Nel processo di trattamento termico, il calore non è semplicemente una questione di temperatura: si tratta piuttosto di un mezzo per controllare i processi che avvengono sul vetro. Quando si utilizzano lampade a infrarossi per l’annullamento delle tensioni nel vetro, si riesce a gestire i gradienti termici, determinando così se il vetro possa essere utilizzato oppure debba essere scartato.
Durante la piegatura del vetro, anche piccole irregolarità nel campo termico possono causare distorsioni ottiche e fenomeni di ritorno elastico del vetro stesso. Nel processo di tempra, un riscaldamento insufficiente genera concentrazioni di stress che aumentano il rischio di rottura del vetro. Nella laminazione, un riscaldamento lento o irregolare può causare l’accumulo di aria tra i strati del vetro, riducendo così l’efficacia del processo e allungando i tempi necessari per completarlo. Infine, nella fase di essiccazione degli strati di rivestimento, troppa convettione o un controllo insufficiente delle temperature può causare problemi legati alla qualità del rivestimento stesso.
Cosa è importante dal punto di vista tecnico
L’annullamento delle tensioni nel vetro tramite lampade a infrarossi richiede che lo spettro di emissione delle lampade corrisponda all’emissività del vetro e al tempo disponibile per il trattamento. Le lampade a onde corte in quarzo permettono una risposta rapida e intensa, utile per procedimenti di riscaldamento rapidi; invece, le lampade a onde medie e i dispositivi in fibra di carbonio permettono un riscaldamento più uniforme, utile per vetri più spessi o per processi di riscaldamento più lunghi. Regoliamo i dispositivi di emissione in modo che la densità di potenza rimanga costante su tutta la superficie del vetro. Il profilo termico viene definito grazie all’ottica e ai sistemi di controllo, e non a zone surriscaldate o fredde. La potenza prodotta viene regolata in kW/m², in modo da adattarsi alla velocità di produzione e allo spessore del vetro. Il sistema di controllo mantiene quindi la stabilità delle condizioni di riscaldamento entro tolleranze molto strette.

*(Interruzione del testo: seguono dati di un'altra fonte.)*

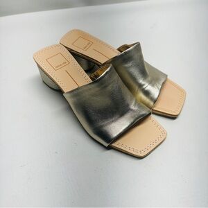 Dolce Vita Jolice heeled leather slide sandals in metallic gold size 8.5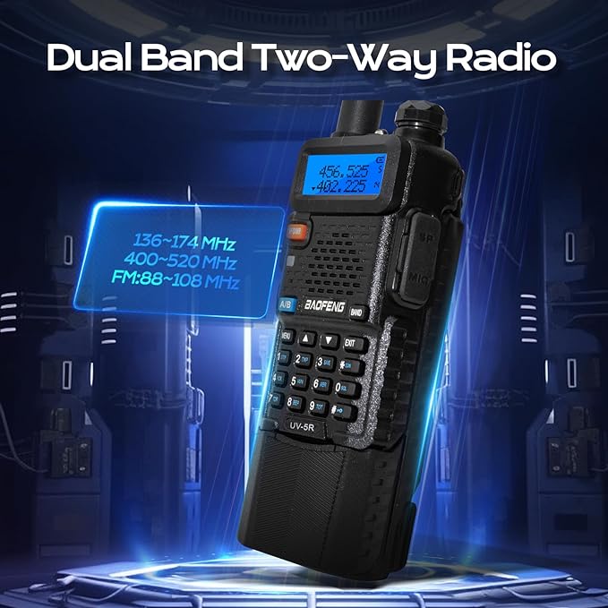 - Multifunctional BAOFENG UV5R Radio: FCC ID: 2AJGM-UV5R. Handheld ham radio provides 128 channels, 50 CTCSS, and 104 CDCSS options while supporting high/medium/low gear switching, dual display, dual standby, and dual frequency bands—VHF:136-174MHz(Rx/Tx) and UHF:400-520MHz(Rx/Tx). In addition, the UV-5R dual band walkie-talkie also has several useful features, including a three-color backlight selection, LED flashlight, automatic keypad lock, VOX, emergency alarm, and squelch function.

Perché funziona nei nostri processi
Nella piegatura del vetro, l’annullamento delle tensioni tramite lampade a infrarossi permette di ottenere una zona di riscaldamento precisa e localizzata, riducendo così il raffreddamento degli angoli del vetro e evitando difetti ottici. Per quanto riguarda la tempra, le lampade riducono i tempi di riscaldamento e migliorano l’uniformità della temperatura, facendo sì che il processo di tempra sia più preciso e riducendo il rischio di rottura del vetro. Nella laminazione di materiali come EVA/SGP/PVB, questo metodo accelera la fase di riscaldamento, mantenendo al contempo un flusso uniforme dei materiali, riducendo così i tempi totali del processo. Per quanto riguarda l’essiccazione degli strati di rivestimento, le lampade a infrarossi agiscono direttamente sulla superficie del rivestimento, riducendo l’accumulo di solventi e migliorando la qualità della superficie, senza surriscaldare il substrato.
I vantaggi
Grazie a questo approccio, si ottiene un tasso di successo maggiore nella prima fase di produzione, meno operazioni di correzione e una produzione più prevedibile.
Le sfide
Le lampade a infrarossi richiedono attenzione particolare riguardo alla distanza tra le lampade stesse, alla geometria dei riflettori e alle condizioni ambientali. Quando lo spessore del vetro o la sua emissività cambiano, è necessario verificare nuovamente il profilo di riscaldamento. È inoltre importante garantire una corretta distribuzione dell’energia termica, un adeguato raffreddamento e facilità di accesso per le riparazioni. La durata delle lampade diminuisce a causa degli shock termici ripetuti; pertanto è importante gestire i processi di riscaldamento e raffreddamento in modo controllato. Se tutto viene gestito correttamente, l’annullamento delle tensioni tramite lampade a infrarossi offre un riscaldamento stabile, con un consumo energetico inferiore rispetto ai forni a convettione tradizionali, e una risposta più rapida rispetto ai pannelli resistentivi tradizionali.